State conservation enforcement officers are investigating the destruction of four endangered Hawaiian vines in the Mauna Loa
Forest Reserve near Puu
Huluhulu, the site where protesters have been blocking Mauna Kea Access Road for the last two months.
Additionally, officials with the Department of Land and Natural Resources said Thursday there’s evidence other rare plants in the area have been trampled.
“Intentional or not, this damage is happening and it’s very concerning,” DLNR Chairwoman Suzanne Case said. “There’s really just no way to have hundreds of people every day, often thousands, in sensitive natural areas like Puu Huluhulu and the adjoining areas off Mauna Kea Access Road without this kind of harm resulting.”

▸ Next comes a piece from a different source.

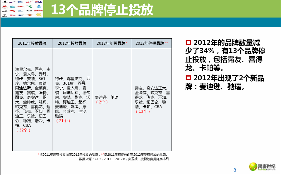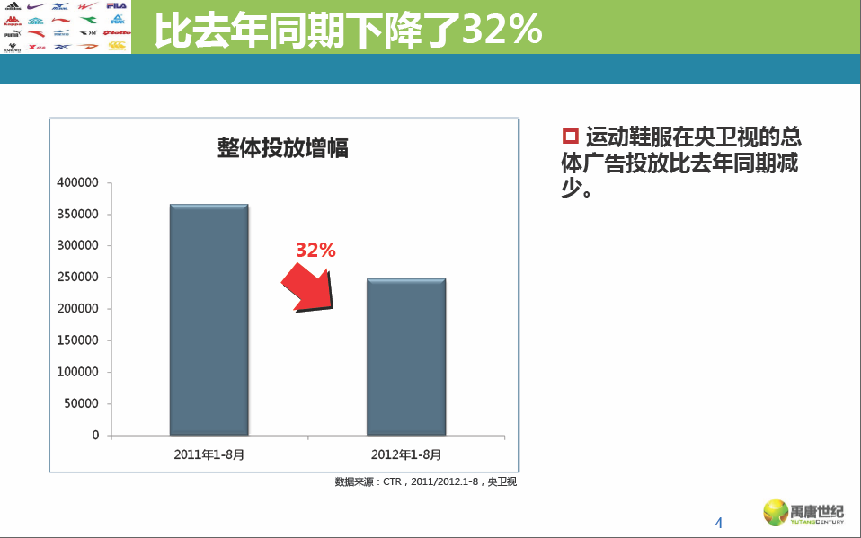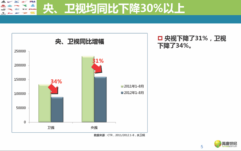 运动鞋服的投放比去年同期下降了三分之一,央、卫视同比降幅均达到30%,品牌数量也减少了34%。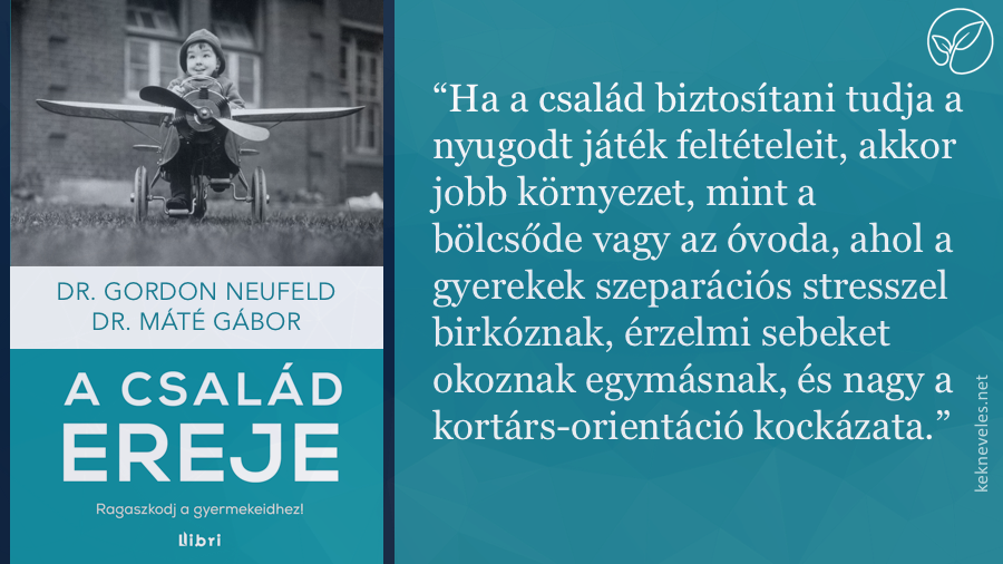 Az óvoda és az iskola fontos szerepet tölt be a társadalom szövetében, de nem az a hely, ahol az emberi potenciál megvalósulása történik. Nem jó irány, ha arra vagyunk kényszerítve, hogy a családi életet az óvoda és az iskola alá rendeljük. Sajnos még a szülői szerepünket is az intézményekhez igazodva képzeljük el, mert elhisszük, hogy legjobban a szakszerű intézményi nevelés fejleszti a gyerekeket. Sokat adhatnak ezek a helyek, de pont a fejlődés alapfeltételeit nem tudják a kellő mértékben megadni: a biztonságot nyújtó kapcsolatot, a lelki nyugalmat, valamint biztonságos kereteket az érzelmek és indulatok kifejezéséhez és a szabad játékhoz. Ezeket az átlagos szülők jobb eséllyel tudják megadni a saját gyerekeiknek, mint az intézmények. Ahol egész nap egyszerre sok gyerek testi- és lelki épségét kellene megőrizni, ott ezek a feltételek egyszerűen nem megvalósíthatók. Kizárják egymást. Ezért nem tesz jót a felnövekvő generáció lelki egészségének, teherbíróképességének, alkotókészségének és a civilizált együttélésre való képességének, ha a gyerekek nem csak napi 4-6 órát, hanem szinte az egész napot intézményes keretek között, nagylétszámú gyerekcsoportokban töltik.

Case and Hawaii island members of her department described the impacts Thursday at a news conference in Hilo.
Contacted afterward, protest leader Andre Perez said the kiai, or “protectors,” have taken great care to
protect the Puu Huluhulu cinder cone and the surrounding area, especially after the first week when the impact of the crowds grew evident.
“They want to paint a picture that we’re having a negative impact,” he said. “They’re trying to find ways to get us out of here.”
On the other hand, Perez said, “We also understand how critically important our endangered species are.”
Protesters have been blocking the access road since mid-July in an effort to prevent construction of the $1.4 billion Thirty Meter Telescope on a mountain many of them consider sacred. At times the protest has attracted thousands of TMT opponents who also view the project as a symbol of Native Hawaiian oppression.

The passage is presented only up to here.